Given the array [4,7,90,1] what you want in your query is this:

db.collection.aggregate([
   { "$project": {
       "user_id": 1,
       "content": 1,
       "date": 1,
       "weight": { "$or": [
           { "$eq": ["$user_id": 4] }, 
           { "$eq": ["$user_id": 7] }, 
           { "$eq": ["$user_id": 90] }, 
           { "$eq": ["$user_id": 1] }, 
       ]}
   }},
   { "$sort": { "weight": -1, "date": -1 } }
])

So what that does is, for every item contained in that $or condition, the user_id field is tested against the supplied value, and $eq returns 1 or 0 for true or false.

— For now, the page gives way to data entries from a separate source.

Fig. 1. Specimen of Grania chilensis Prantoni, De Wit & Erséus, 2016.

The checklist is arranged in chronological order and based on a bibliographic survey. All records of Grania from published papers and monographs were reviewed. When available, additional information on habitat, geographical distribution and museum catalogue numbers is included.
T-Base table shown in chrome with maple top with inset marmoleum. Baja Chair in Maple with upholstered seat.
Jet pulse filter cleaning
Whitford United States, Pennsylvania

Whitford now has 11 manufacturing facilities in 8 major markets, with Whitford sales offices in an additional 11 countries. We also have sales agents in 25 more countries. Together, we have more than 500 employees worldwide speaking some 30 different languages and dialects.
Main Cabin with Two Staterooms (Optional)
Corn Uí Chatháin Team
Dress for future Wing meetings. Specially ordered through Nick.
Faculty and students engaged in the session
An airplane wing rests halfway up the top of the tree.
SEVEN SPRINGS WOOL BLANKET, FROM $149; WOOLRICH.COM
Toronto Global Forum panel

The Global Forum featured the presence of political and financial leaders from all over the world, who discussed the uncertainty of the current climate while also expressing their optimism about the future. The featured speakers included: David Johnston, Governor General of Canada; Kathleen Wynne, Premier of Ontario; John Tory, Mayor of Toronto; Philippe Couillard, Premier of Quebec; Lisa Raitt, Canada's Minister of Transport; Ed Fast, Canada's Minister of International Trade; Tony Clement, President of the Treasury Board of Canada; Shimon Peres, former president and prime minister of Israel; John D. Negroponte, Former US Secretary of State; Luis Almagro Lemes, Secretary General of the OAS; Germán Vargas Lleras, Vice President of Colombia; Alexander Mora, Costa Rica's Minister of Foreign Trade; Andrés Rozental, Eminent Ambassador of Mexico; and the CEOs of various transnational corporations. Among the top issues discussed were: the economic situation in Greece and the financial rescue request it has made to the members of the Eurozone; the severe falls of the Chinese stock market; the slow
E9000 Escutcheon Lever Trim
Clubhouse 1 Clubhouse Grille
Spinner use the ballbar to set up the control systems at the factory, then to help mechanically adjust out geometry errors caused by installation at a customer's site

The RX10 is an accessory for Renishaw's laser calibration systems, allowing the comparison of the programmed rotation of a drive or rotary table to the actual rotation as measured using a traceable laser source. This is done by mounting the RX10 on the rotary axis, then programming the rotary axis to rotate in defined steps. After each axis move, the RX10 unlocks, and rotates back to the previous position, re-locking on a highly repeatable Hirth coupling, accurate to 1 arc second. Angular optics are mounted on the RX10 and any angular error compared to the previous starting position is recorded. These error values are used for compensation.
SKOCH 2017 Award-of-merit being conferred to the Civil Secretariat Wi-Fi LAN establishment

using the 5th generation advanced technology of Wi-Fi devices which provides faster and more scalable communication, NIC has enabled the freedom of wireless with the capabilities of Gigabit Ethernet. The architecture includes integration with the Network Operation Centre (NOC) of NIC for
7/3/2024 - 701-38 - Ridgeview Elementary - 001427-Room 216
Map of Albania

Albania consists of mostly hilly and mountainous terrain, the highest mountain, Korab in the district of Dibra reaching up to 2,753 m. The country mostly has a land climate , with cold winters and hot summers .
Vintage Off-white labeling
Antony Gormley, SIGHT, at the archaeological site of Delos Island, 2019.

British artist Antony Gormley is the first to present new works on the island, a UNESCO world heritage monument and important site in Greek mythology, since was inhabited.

What you do in your code is for each item you have in the array you build the array condition of $or. So it's just creating a hash structure for each equals condition, passing it to an array and plugging that in as the array value for the $or condition.

I probably should have left the $cond operator out of the previous code so this part would have been clearer.

Here's some code for the Ruby Brain:

userList = [4, 7, 90, 1];

orCond = [];

userList.each do |userId|
  orCond.push({ '$eq' => [ 'user_id', userId ] })
end

pipeline = [
    { '$project' => {
        'user_id' => 1,
        'content' => 1,
        'date' => 1,
        'weight' => { '$or' => orCond }
    }},
    { '$sort' => { 'weight' => -1, 'date' => -1 } }
]

If you want to have individual weights and we'll assume key value pairs, then you need to nest with $cond :

db.collection.aggregate([
   { "$project": {
       "user_id": 1,
       "content": 1,
       "date": 1,
       "weight": { "$cond": [
           { "$eq": ["$user_id": 4] },
           10,
           { "$cond": [ 
               { "$eq": ["$user_id": 7] },
               9,
               { "$cond": [
                   { "$eq": ["$user_id": 90] },
                   7,
                   { "$cond": [
                       { "$eq": ["$user_id": 1] },
                       8, 
                       0
                   ]}
               ]}
           ]}
       ]}
   }},
   { "$sort": { "weight": -1, "date": -1 } }
])

Note that it's just a return value, these do not need to be in order. And you can think about the generation of that.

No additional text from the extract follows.